- **DIRECTIONS FOR THIS TASK**: Your response should consist of the entire listing, transcribed exactly, with every image left out.

- **PROVIDED MATERIAL**:

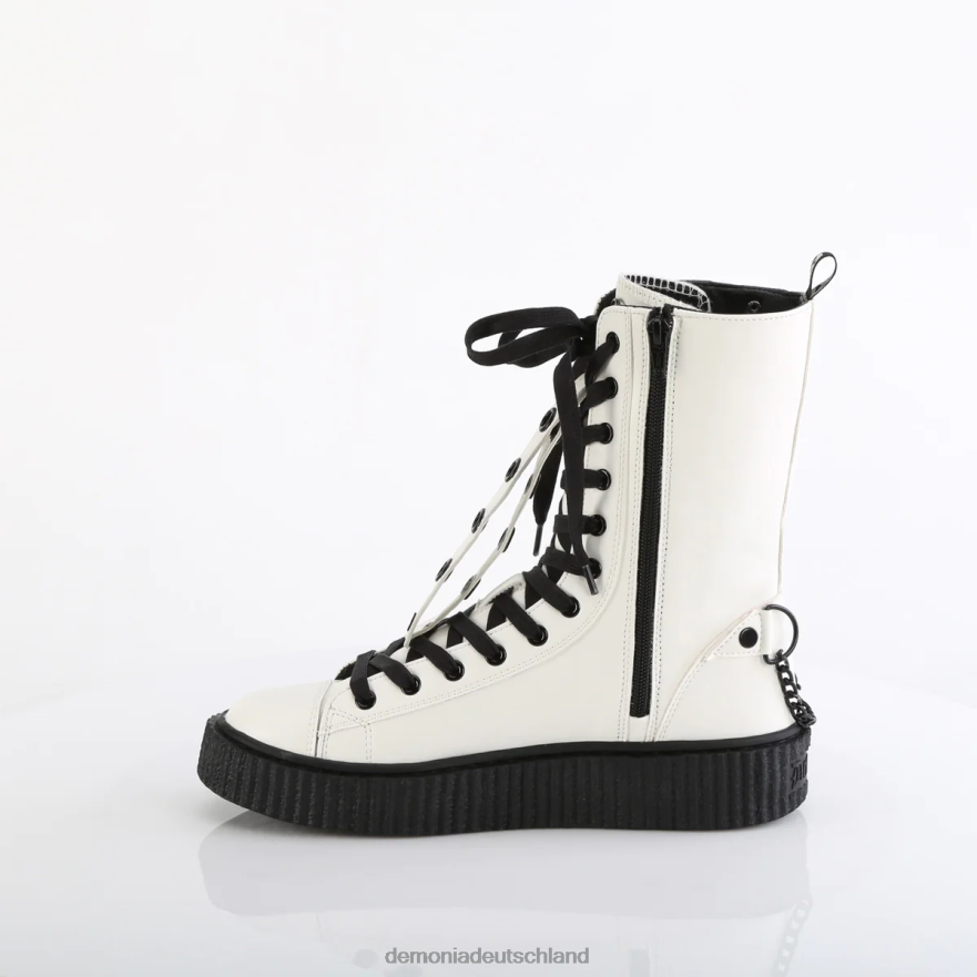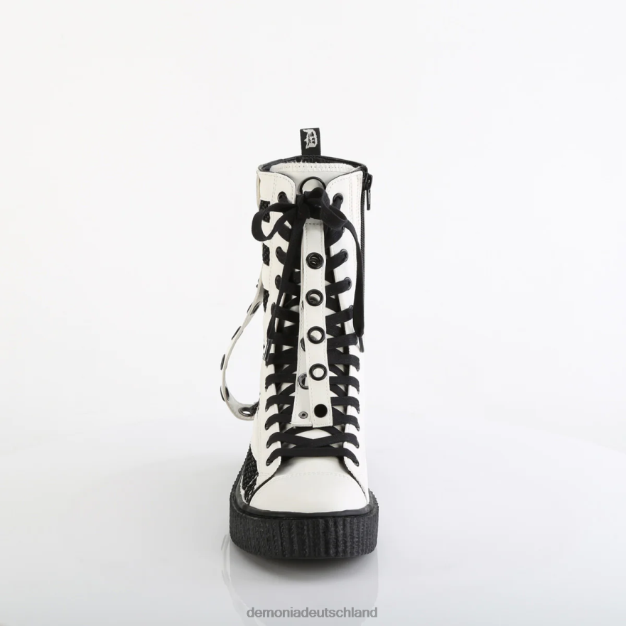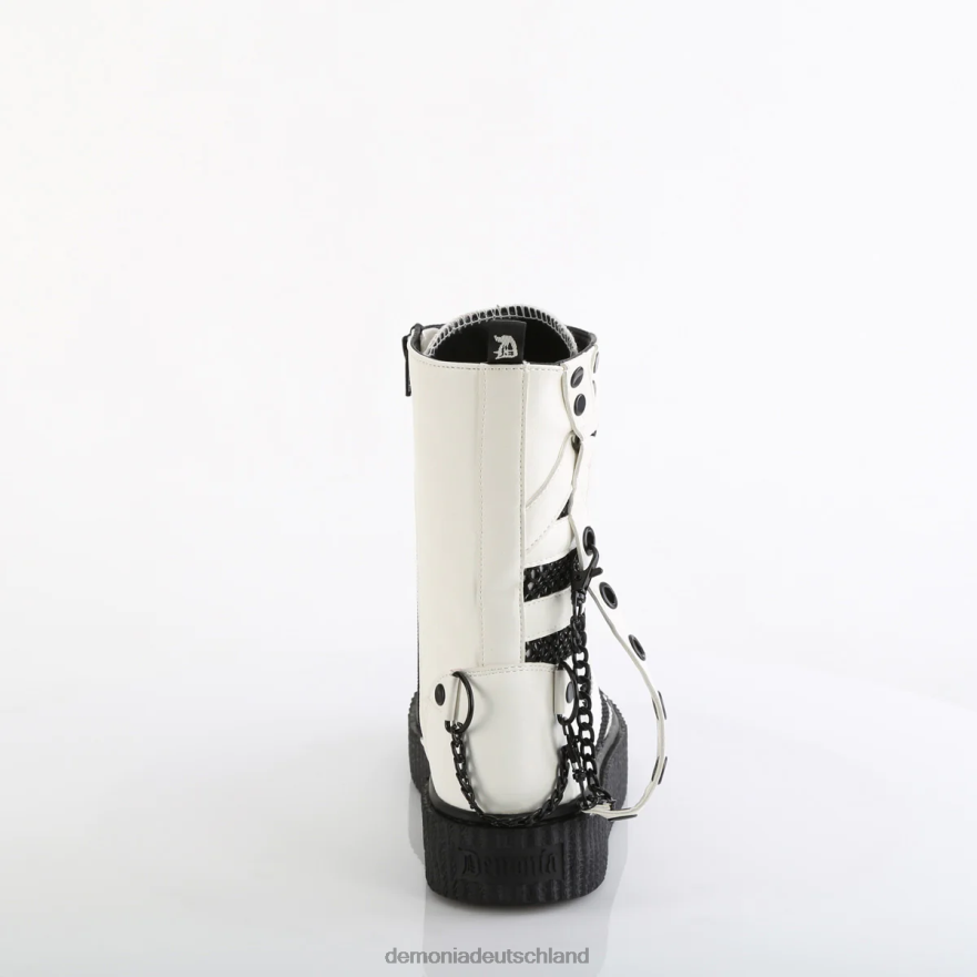 1 1/2 Zoll (38 mm) Plateau-Gummisohle, runde Zehenpartie, Schnürung vorne in der Mitte der Wade, Creeper-Sneaker-Stiefel mit gestreiften, kontrastierenden Seiteneinsätzen und genieteten Trageriemen- und Kettendetails, durchgehender Metallreißverschluss an der Innenseite
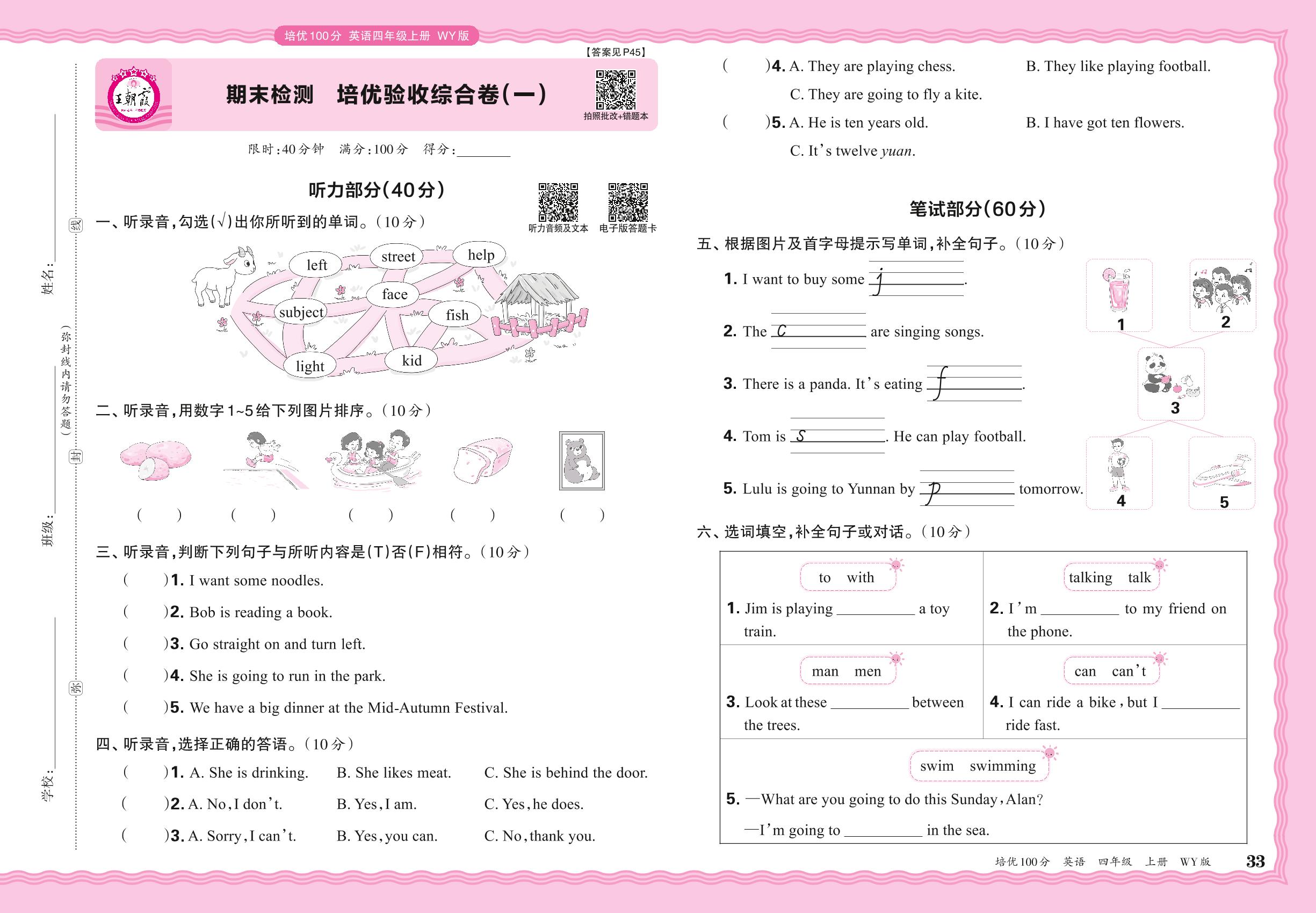 2024秋上册四年级英语外研版(三起始) 期末检测 培优验收综合卷(一)
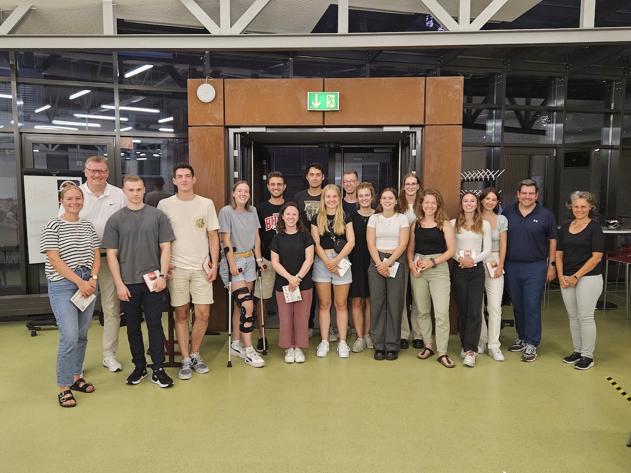 Aus den Abiturjahrgängen 2016 bis 2022 hatten sich insgesamt 15 Ehemalige in der Mensa des Gymnasiums versammelt, um den Schülerinnen und Schülern der Jahrgangsstufen 10, Q1 und Q2 für deren Anliegen rund um Studium und Berufseinstieg zur Verfügung zu stehen. Und die Fragen der Martinum-Schülerinnen und -Schüler spannten einen weiten Bogen von „Was ist eigentlich ein Semester?“, „Was ist ein NC?“, „Wie funktioniert ein Auslandssemester?“ bis zu Fragen nach Spezialisierungen im Bachelor- und Masterstudiengang einer Fachrichtung. Entsprechend der Interessensschwerpunkte der Schülerinnen und Schüler waren Ehemalige aus ganz unterschiedlichen Fachrichtungen und aus ganz Deutschland gekommen, um in Kleingruppen Einblicke in ihren Weg vom Martinum in Studium und Beruf zu geben.

- **RESULT BELOW**:
 1 1/2 Zoll (38 mm) Plateau-Gummisohle, runde Zehenpartie, Schnürung vorne in der Mitte der Wade, Creeper-Sneaker-Stiefel mit gestreiften, kontrastierenden Seiteneinsätzen und genieteten Trageriemen- und Kettendetails, durchgehender Metallreißverschluss an der Innenseite
 2024秋上册四年级英语外研版(三起始) 期末检测 培优验收综合卷(一)
 Aus den Abiturjahrgängen 2016 bis 2022 hatten sich insgesamt 15 Ehemalige in der Mensa des Gymnasiums versammelt, um den Schülerinnen und Schülern der Jahrgangsstufen 10, Q1 und Q2 für deren Anliegen rund um Studium und Berufseinstieg zur Verfügung zu stehen. Und die Fragen der Martinum-Schülerinnen und -Schüler spannten einen weiten Bogen von „Was ist eigentlich ein Semester?“, „Was ist ein NC?“, „Wie funktioniert ein Auslandssemester?“ bis zu Fragen nach Spezialisierungen im Bachelor- und Masterstudiengang einer Fachrichtung. Entsprechend der Interessensschwerpunkte der Schülerinnen und Schüler waren Ehemalige aus ganz unterschiedlichen Fachrichtungen und aus ganz Deutschland gekommen, um in Kleingruppen Einblicke in ihren Weg vom Martinum in Studium und Beruf zu geben.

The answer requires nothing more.